As mentioned before, this function is really just "the distance between the actual coordinate, and the coordinate that the curve evaluates to for the associated `t` value", which we'll square to get rid of any pesky negative signs:
\[
E(C)_i = \left ( p_i - Bézier(s_i) \right )^2
\]
Since this function only deals with individual coordinates, we'll need to sum over all coordinates in order to get the full error function. So, we literally just do that; the total error function is simply the sum of all these individual errors:
\[
E(C) = \sum^n_{i=1} \left ( p_i - Bézier(s_i) \right )^2
\]
And here's the trick that justifies using matrices: while we can work with individual values using calculus, with matrices we can compute as many values as we make our matrices big, all at the "same time", We can replace the individual terms p<sub>i</sub> with the full **P** coordinate matrix, and we can replace Bézier(s<sub>i</sub>) with the matrix representation **T x M x C** we talked about before, which gives us:
\[
E(C) = \left ( P - TMC \right )^2
\]
In which we can replace the rather cumbersome "squaring" operation with a more conventional matrix equivalent:
\[
E(C) = \left ( P - TMC \right )^T \left ( P - TMC \right )
\]
Here, the letter `T` is used instead of the number 2, to represent the [matrix transpose](https://en.wikipedia.org/wiki/Transpose); each row in the original matrix becomes a column in the transposed matrix instead (row one becomes column one, row two becomes column two, and so on).
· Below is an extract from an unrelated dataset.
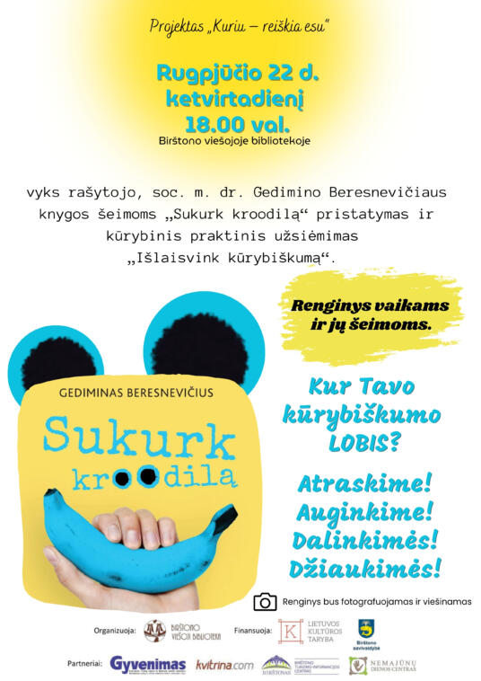 Maloniai kviečiame rugpjūčio 22 d. ketvirtadienį 18.00 val. į rašytojo, socialinių mokslų daktaro Gedimino Beresnevičiaus knygos šeimoms „Sukurk kroodilą“ pristatymą. Taip pat aptarsime, kaip ir kokie kūrybinių iššūkiai gali sprogdinti vidinio kalėjimo sienas ir išlaisvinti kūrybiškumą. Kūrybiniame praktiniame užsiėmime „Išlaisvink kūrybiškumą“ bus praktiškai išbandyti knygoje pateikti pratimai, padedantys kurti savus kroodilus, įgauti kūrybinių jėgų, užsiauginti kūrybiškumo „raumenis“, kurių reikia ne tik mokantis, dirbant, bet ir kasdienėje veikloje. Tiek vaikai, tiek suaugusieji turės galimybę pažvelgti į save ir savo aplinką naujomis akimis, pajusti, gal net atrasti viduje slypinčius kūrybiškumo lobius.

This leaves one problem: **T** isn't actually the matrix we want: we don't want symbolic `t` values, we want the actual numerical values that we conmputed for **S**, so we need to form a new matrix, which we'll call 𝕋, that makes use of those, and then use that 𝕋 instead of **T** in our error function:
\[
𝕋 = \begin{bmatrix}
1 & s_1 & s^2_1 & ... & s^n_1 \\
& & & & \\
& & ... & & \\
& & & & \\
1 & s_n & s^2_n & ... & s^n_n \\
\end{bmatrix}
\]
Now we can properly write out the error function as matrix operations:
\[
E(C) = \left ( P - 𝕋MC \right )^T \left ( P - 𝕋MC \right )
\]
So, we have our error function: we now need to figure out the expression for where that function has minimal value, e.g. where the error between the true coordinates and the coordinates generated by the curve fitting is smallest. Like in standard calculus, this requires taking the derivitive, and determining where that derivative is zero:
\[
\frac{\partial E}{\partial C} = 0 = -2𝕋^T \left ( P - 𝕋MC \right )
\]
<div className="note">
## Where did this derivative come from?
That... is a good question. In fact, when trying to run through this approach, I ran into the same question! And you know what? I straight up had no idea. I'm decent enough at calculus, I'm decent enough at linear algebra, and I just don't know.
So I did what I always do when I don't understand something: I asked someone to help me understand how things work. In this specific case, I [posted a question](https://math.stackexchange.com/questions/2825438) to [Math.stackexchange](https://math.stackexchange.com), and received a answer that goes into way more detail than I had hoped to receive.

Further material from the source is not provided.